10. In this case, the first infirmity in the order is that no such reasons are furnished. Therefore, there is violation of principles of natural justice. Secondly, it is seen that only the leaflets were produced before the Assistant Collector. The Assistant Collector with regard to the leaflets, merely held that the goods are classifiable as per the examination reports, the goods imported are mere glass tubes. His order also suffers from the infirmity of violation of principles of natural justice. The reasons are that he went by the examination report inspite of the fact that the appellants have produced a leaflet before him. When the respondents have produced a leaflet before him, he should have mentioned as to whether these leaflets pertain to the tubes or the equipment in which the tubes are going to be used. Without mentioning about the character of the leaflets and without discussing this leaflet, he focussed a finding on the basis of the examination report. He should have also referred to the HSN in this regard. The Customs Tariff is based on HSN as was held by the Hon'ble Supreme Court in the case of Wood Crafts Industries v. CCE reported in 1997 (95) E.L.T. 23 Para 18. Therefore, when his order suffered from the vice of violation of principles of natural justice, the Collector (Appeals) should have remanded back the matter. On the contrary, without remanding the matter to the Assistant Collector, the Collector (Appeals) himself decides the matter after taking another fresh evidence in the form of a literature. This, in our view, is not permissible in view of the decision of the Supreme Court reported in 1997 (22) RLT 650 in the case of CC, Calcutta v. Hanuman Trading Corporation and Anr., wherein, at Para 5 their lordships held as under:

"5. There is no controversy that the respondents did not avail of the opportunity before the authorities to adduce any evidence and it was only before the Tribunal that material was produced by the respondents/sole proprietor challenging confiscation and penalty. In the facts and circumstances of the case, we are satisfied that the course adopted by the Tribunal of permitting respondents to adduce evidence before it for the first time and then in proceeding to decide the case on merits on that basis was not correct. If the Tribunal was of the view that a fresh opportunity was required to be given to the respondents to adduce evidence and show cause in response to the notice given to the respondents, the appropriate course for adoption was to remit the matter to the Commissioner of Customs, Calcutta. For this reason alone, the Tribunal's order must be set aside."
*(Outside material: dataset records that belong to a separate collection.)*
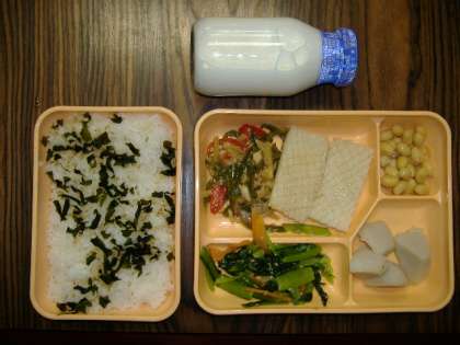 青菜のナムル・里芋の味噌煮・ぶどう豆・牛乳
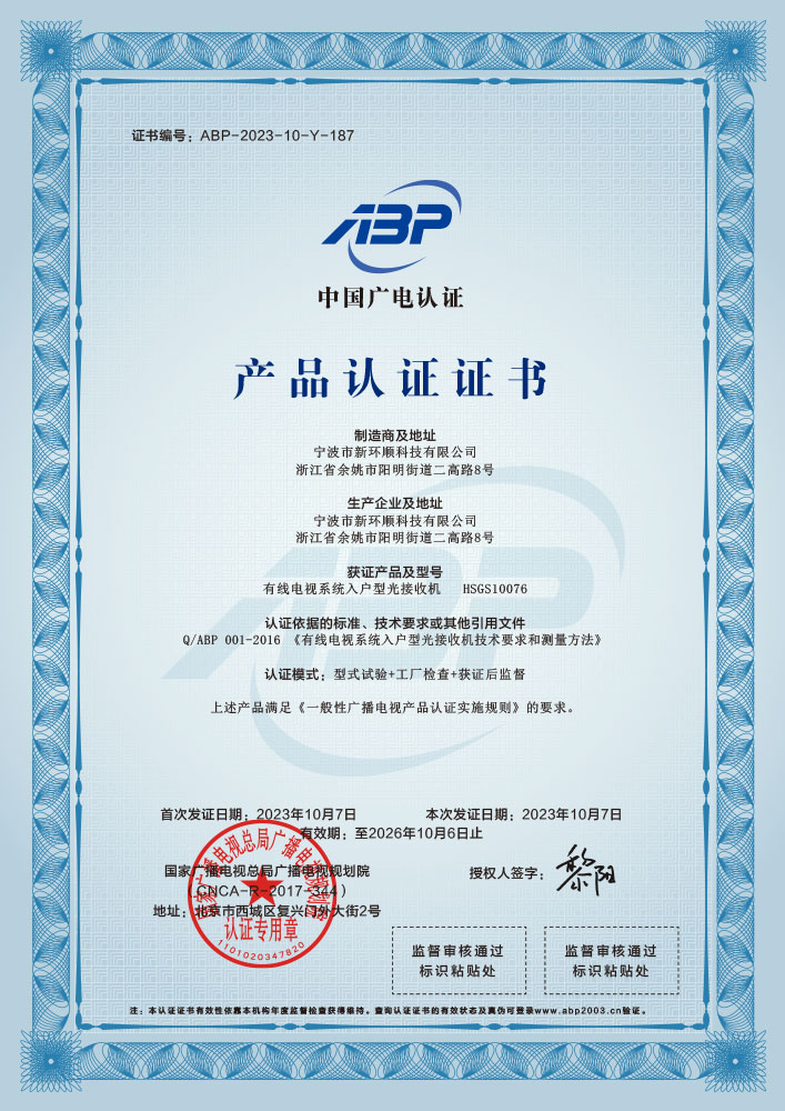 入戶型光接收機認證
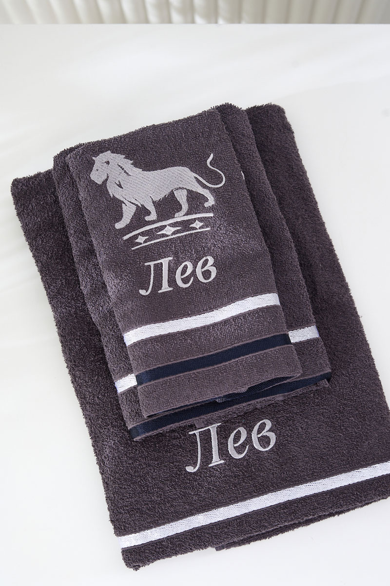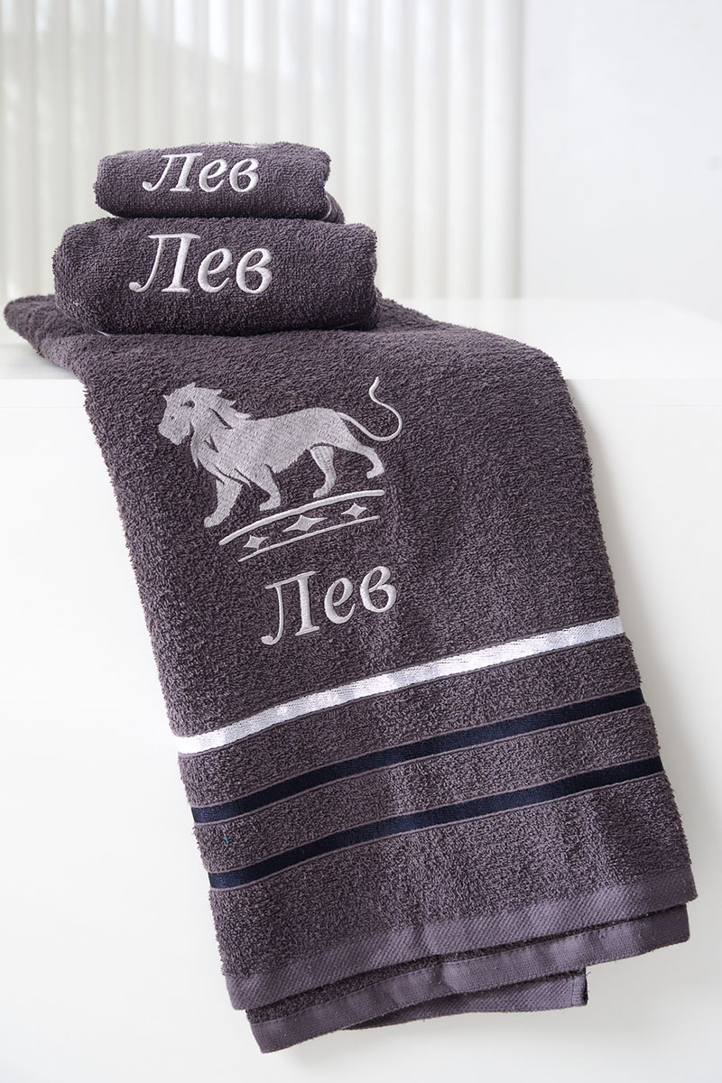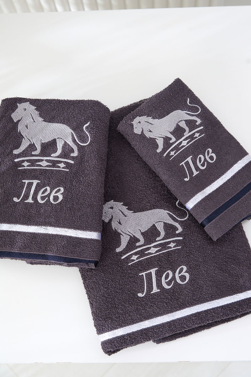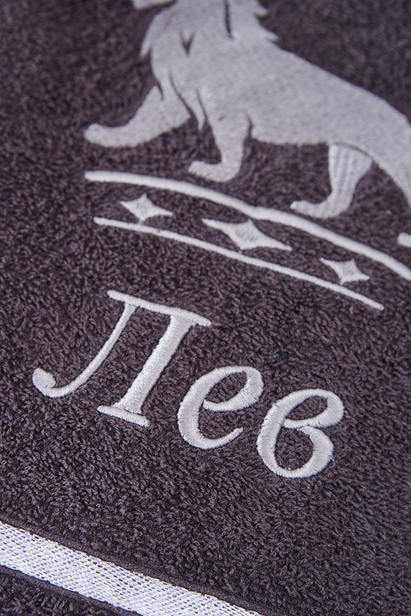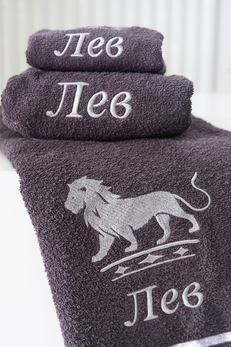 Полотенце махровое с вышивкой "Знаки зодиака" 14418/10 графит Лев
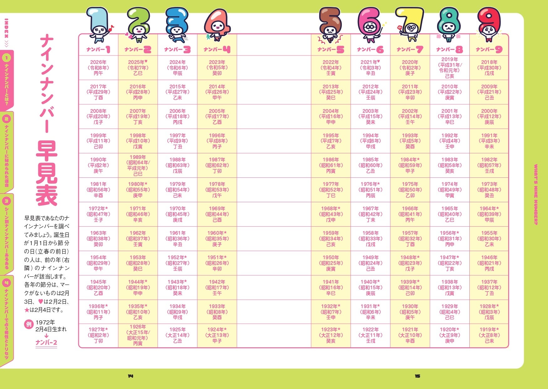 自分のナインナンバーは、こちらの早見表でわかります。誕生日が1月1日から節分までのかたは生まれ年の前年のナンバーになるのでご注意ください。
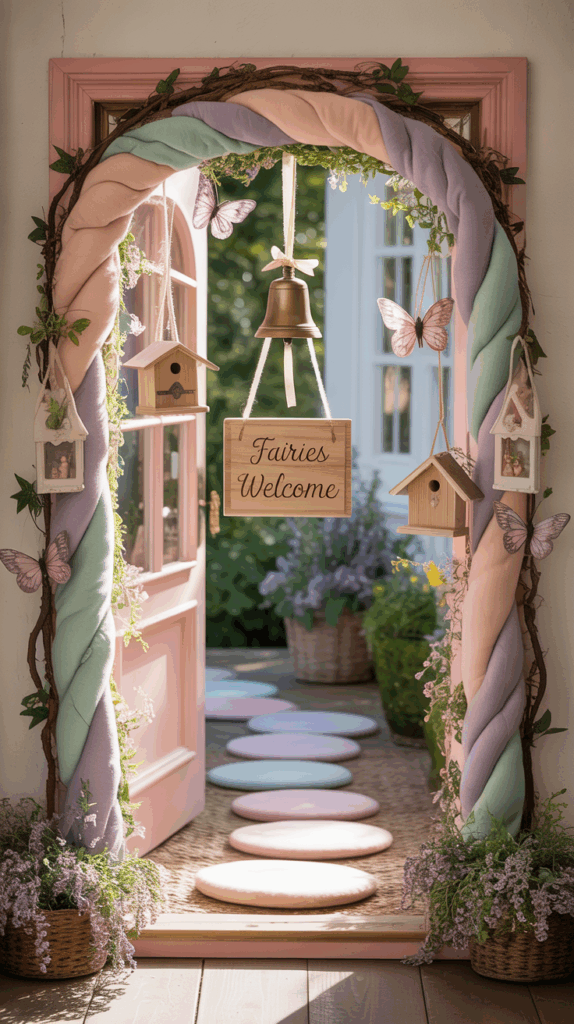 Transform an ordinary doorway into a whimsical entrance with pastel charm. Wrap the frame in twisted fabric “vines” of blush, mint, and lavender. Hang mini wooden birdhouses in soft tones from the top, with faux butterflies perched here and there. Add a hanging bell with a ribbon pull and a wooden plaque that says “Fairies Welcome.” Just inside, line the floor with soft stepping stones made of cushiony felt in pastel florals. Kids can hop their way into the room like a garden trail. It’s a grand cottagecore entrance that turns even opening a door into an experience.
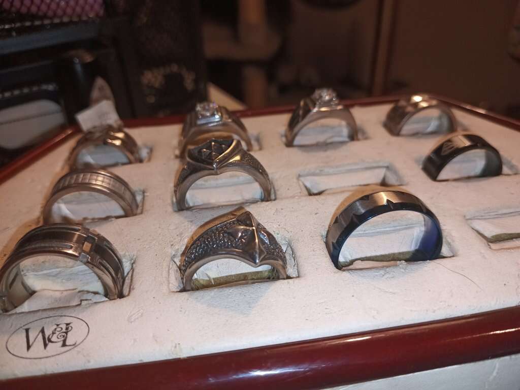 these are brand new my son used to have a shop in the mall, a jewelry shop, and here's some leftovers I think one of them is the tennsin ring, they're stainless steel, the sizes are a little bit bigger like around 10-11 and 12 so if interested let me know. so price depends on the ring so just hit me up, cash only.
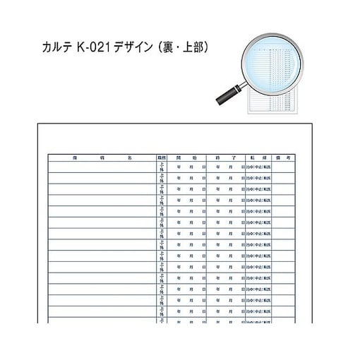 カルテ1号用紙です。診療報酬明細書等の様式変更が示され、新たに被保険者証記号・番号の後に「(枝番)」項目が設けられました。本商品も対応済みです。 |
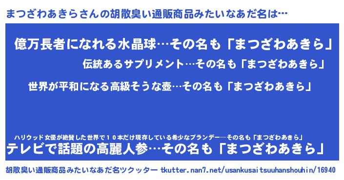 | 肩書あだ名 | 『まつざわあきら大統領』 |
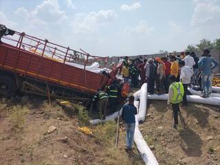 तर नागपूर कॉरिडॉरवर मेहकर जवळ चेनेज 280 वर एका ट्रक चालकाला झोप लागल्यामुळे ट्रकवरील नियंत्रण सुटून ट्रक बेरिअर तोडून महामार्गाच्या खाली जाऊन अपघात झाला. या अपघातामध्ये चालक दिनेशकुमार तिवारी (रा.आझमगड) यांचा जागीच मृत्यू झाला आहे.
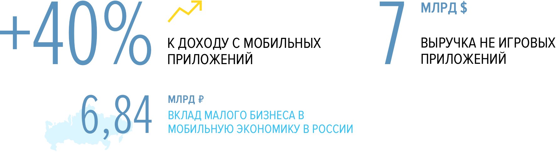 В 2016 году издателям было выплачено более 35 миллиардов долларов благодаря iOS App Store и Google Play. Игры являются основными лидерами по доходам и забирают в среднем 80% выручки. Остальным категориям достаётся около 7 миллиардов долларов. Пользователи предпочитают оплату своих покупок внутри приложений, даже если у приложения есть возможность произвести оплату за пределами приложения (например, с помощью кредитной карты на веб-сайте). Вопрос для бизнеса: «Какова ваша доля в 7 миллиардах дохода рынка мобильных приложений?»
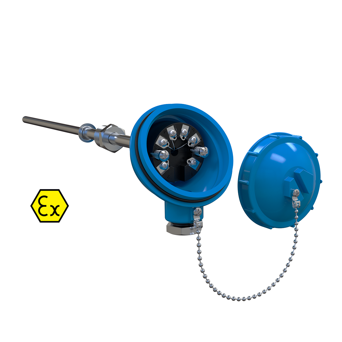 Термопары с выходным сигналом 4…20 мА ДТПКхх5Е, ДТПNхх5Е имеют вид взрывозащиты «искробезопасная электрическая цепь» и предназначены для установки и работы во взрывоопасных зонах помещений и наружных установок согласно главе 7.3 ПУЭ и другим нормативным документам, регламентирующим применение электрооборудования во взрывоопасных условиях.

11. It is thus seen that both the orders suffered from the violation of principles of natural justice. Even otherwise, these leaflets as well as the literatures have not been dealt and they are also not before us.

12. In this view of the matter, we have no other alternative except to remand the matter to the original authority for a de novo adjudication, in the light of our above observations, after granting a personal hearing to the respondents.

13. Accordingly, the impugned order is set aside and the matter is remanded back to the original authority.